▸ **What the task asks**
Look below for the line that has "Foto udara limpasan". Set down the lines from there through the line that has "This HDMI splitter", exactly as written.

____ Material supplied

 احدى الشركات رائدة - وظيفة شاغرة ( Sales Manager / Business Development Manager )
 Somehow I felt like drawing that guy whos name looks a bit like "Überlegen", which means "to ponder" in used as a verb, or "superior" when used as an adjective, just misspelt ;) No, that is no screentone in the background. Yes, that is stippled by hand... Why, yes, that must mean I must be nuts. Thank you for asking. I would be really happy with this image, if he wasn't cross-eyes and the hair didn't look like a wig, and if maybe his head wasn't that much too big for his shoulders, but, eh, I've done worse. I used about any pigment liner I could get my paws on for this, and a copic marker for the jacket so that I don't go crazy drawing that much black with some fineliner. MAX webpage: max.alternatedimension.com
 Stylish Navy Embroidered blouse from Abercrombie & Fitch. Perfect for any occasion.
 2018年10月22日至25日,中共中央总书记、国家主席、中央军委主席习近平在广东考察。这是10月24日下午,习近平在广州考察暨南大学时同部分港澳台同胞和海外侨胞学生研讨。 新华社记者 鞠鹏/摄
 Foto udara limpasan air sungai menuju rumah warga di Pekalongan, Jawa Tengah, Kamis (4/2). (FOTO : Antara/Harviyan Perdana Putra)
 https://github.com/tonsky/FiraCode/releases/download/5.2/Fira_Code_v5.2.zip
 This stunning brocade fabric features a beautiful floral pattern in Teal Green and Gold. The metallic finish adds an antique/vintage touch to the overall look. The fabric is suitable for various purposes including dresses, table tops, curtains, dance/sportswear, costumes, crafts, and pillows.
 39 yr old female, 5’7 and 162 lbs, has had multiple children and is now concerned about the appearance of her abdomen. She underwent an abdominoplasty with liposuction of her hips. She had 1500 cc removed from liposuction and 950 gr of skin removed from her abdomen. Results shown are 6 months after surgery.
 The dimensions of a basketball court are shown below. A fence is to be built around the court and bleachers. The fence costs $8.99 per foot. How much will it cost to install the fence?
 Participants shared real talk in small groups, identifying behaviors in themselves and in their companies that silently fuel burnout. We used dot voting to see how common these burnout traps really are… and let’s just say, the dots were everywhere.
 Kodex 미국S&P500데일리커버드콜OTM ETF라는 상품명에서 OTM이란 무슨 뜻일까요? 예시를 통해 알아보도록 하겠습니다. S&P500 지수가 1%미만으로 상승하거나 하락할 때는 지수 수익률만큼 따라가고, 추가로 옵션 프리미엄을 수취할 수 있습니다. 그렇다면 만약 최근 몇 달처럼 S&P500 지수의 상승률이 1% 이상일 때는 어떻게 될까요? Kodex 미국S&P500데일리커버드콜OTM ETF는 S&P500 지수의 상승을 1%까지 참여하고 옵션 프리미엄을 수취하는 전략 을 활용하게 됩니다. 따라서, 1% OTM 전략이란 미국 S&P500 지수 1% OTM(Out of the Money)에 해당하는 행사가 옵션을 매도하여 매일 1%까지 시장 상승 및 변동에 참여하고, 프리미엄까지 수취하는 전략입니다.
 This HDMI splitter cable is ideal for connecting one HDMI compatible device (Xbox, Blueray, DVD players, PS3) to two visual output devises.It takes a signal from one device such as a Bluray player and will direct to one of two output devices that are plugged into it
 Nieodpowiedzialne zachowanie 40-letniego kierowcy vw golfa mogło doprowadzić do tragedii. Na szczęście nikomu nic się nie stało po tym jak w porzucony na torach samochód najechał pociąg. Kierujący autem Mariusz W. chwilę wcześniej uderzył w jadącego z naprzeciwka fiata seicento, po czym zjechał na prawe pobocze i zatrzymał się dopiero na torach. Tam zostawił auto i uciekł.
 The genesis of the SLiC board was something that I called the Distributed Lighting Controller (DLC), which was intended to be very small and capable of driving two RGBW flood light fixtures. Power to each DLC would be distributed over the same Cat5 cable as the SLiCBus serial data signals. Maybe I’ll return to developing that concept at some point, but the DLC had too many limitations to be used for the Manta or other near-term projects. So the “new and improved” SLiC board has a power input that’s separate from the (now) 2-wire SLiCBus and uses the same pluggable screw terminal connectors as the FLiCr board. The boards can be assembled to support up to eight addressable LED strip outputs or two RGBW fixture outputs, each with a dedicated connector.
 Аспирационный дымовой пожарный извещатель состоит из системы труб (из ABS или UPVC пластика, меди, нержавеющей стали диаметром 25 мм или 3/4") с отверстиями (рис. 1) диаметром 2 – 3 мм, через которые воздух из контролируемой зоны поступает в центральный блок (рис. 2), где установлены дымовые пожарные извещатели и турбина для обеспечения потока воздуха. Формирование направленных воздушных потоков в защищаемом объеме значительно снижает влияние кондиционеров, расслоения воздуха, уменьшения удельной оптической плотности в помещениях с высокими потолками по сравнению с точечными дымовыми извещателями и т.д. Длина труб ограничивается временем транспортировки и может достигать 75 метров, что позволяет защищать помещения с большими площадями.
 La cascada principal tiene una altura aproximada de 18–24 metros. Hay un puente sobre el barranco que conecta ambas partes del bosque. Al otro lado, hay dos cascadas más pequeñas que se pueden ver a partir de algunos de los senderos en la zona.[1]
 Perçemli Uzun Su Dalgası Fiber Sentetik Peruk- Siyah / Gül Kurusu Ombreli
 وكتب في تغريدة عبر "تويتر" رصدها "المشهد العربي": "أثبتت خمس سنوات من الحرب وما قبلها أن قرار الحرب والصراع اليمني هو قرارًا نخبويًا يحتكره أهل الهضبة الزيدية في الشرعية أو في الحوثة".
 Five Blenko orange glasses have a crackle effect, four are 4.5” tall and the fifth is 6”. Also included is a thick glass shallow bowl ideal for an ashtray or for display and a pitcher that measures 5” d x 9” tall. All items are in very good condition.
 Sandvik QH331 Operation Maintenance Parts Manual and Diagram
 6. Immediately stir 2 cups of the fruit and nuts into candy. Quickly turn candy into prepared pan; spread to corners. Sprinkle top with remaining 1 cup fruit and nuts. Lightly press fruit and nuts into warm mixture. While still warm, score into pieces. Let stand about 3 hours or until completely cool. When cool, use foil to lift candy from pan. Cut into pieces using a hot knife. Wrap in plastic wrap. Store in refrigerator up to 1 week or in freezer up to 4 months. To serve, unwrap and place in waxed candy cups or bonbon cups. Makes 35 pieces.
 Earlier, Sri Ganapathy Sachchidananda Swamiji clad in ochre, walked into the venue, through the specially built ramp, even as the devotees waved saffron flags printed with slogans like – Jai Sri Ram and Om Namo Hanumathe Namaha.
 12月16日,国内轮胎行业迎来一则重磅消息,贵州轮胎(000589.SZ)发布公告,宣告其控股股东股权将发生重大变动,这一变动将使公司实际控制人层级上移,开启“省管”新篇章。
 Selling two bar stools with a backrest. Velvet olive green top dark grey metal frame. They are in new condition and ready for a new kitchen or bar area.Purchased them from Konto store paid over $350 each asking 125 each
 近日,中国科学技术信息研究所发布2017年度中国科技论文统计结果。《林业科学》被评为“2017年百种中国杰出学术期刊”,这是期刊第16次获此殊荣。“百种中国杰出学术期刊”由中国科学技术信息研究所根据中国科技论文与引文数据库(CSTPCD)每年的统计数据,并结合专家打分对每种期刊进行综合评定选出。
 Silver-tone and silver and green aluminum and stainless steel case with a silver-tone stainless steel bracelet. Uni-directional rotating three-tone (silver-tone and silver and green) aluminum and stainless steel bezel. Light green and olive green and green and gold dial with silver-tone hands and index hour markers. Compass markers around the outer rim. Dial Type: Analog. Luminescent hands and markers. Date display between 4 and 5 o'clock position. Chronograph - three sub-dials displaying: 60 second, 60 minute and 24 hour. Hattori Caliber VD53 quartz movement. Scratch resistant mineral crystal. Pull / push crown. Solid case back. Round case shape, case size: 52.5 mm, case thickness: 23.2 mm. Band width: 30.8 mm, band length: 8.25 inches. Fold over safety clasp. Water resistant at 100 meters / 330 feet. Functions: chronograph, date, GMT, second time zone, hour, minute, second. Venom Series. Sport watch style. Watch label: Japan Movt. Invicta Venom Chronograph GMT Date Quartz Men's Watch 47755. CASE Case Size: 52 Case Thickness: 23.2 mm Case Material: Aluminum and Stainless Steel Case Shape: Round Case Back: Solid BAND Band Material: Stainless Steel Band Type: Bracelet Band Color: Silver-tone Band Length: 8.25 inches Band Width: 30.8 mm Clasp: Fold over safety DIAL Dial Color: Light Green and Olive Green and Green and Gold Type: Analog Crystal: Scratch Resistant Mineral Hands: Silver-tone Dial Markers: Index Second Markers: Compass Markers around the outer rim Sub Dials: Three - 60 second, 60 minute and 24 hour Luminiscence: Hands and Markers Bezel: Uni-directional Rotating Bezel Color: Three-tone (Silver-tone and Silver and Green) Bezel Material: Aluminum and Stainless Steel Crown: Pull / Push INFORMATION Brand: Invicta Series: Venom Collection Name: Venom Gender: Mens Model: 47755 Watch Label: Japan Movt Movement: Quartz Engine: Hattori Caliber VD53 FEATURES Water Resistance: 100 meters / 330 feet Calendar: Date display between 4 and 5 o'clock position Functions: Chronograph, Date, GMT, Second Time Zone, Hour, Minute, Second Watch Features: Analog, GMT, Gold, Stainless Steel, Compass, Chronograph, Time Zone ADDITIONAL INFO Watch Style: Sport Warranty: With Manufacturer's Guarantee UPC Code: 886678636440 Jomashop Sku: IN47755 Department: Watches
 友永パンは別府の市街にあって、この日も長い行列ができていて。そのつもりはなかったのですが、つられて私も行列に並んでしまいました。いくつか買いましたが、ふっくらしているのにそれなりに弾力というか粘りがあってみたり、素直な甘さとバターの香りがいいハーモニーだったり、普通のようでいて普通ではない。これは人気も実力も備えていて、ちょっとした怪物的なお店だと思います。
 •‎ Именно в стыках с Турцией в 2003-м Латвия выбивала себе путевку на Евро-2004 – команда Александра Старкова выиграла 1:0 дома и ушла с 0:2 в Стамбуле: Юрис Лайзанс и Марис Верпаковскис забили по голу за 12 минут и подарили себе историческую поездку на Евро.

________

▸ **Result below**
 Foto udara limpasan air sungai menuju rumah warga di Pekalongan, Jawa Tengah, Kamis (4/2). (FOTO : Antara/Harviyan Perdana Putra)
 https://github.com/tonsky/FiraCode/releases/download/5.2/Fira_Code_v5.2.zip
 This stunning brocade fabric features a beautiful floral pattern in Teal Green and Gold. The metallic finish adds an antique/vintage touch to the overall look. The fabric is suitable for various purposes including dresses, table tops, curtains, dance/sportswear, costumes, crafts, and pillows.
 39 yr old female, 5’7 and 162 lbs, has had multiple children and is now concerned about the appearance of her abdomen. She underwent an abdominoplasty with liposuction of her hips. She had 1500 cc removed from liposuction and 950 gr of skin removed from her abdomen. Results shown are 6 months after surgery.
 The dimensions of a basketball court are shown below. A fence is to be built around the court and bleachers. The fence costs $8.99 per foot. How much will it cost to install the fence?
 Participants shared real talk in small groups, identifying behaviors in themselves and in their companies that silently fuel burnout. We used dot voting to see how common these burnout traps really are… and let’s just say, the dots were everywhere.
 Kodex 미국S&P500데일리커버드콜OTM ETF라는 상품명에서 OTM이란 무슨 뜻일까요? 예시를 통해 알아보도록 하겠습니다. S&P500 지수가 1%미만으로 상승하거나 하락할 때는 지수 수익률만큼 따라가고, 추가로 옵션 프리미엄을 수취할 수 있습니다. 그렇다면 만약 최근 몇 달처럼 S&P500 지수의 상승률이 1% 이상일 때는 어떻게 될까요? Kodex 미국S&P500데일리커버드콜OTM ETF는 S&P500 지수의 상승을 1%까지 참여하고 옵션 프리미엄을 수취하는 전략 을 활용하게 됩니다. 따라서, 1% OTM 전략이란 미국 S&P500 지수 1% OTM(Out of the Money)에 해당하는 행사가 옵션을 매도하여 매일 1%까지 시장 상승 및 변동에 참여하고, 프리미엄까지 수취하는 전략입니다.
 This HDMI splitter cable is ideal for connecting one HDMI compatible device (Xbox, Blueray, DVD players, PS3) to two visual output devises.It takes a signal from one device such as a Bluray player and will direct to one of two output devices that are plugged into it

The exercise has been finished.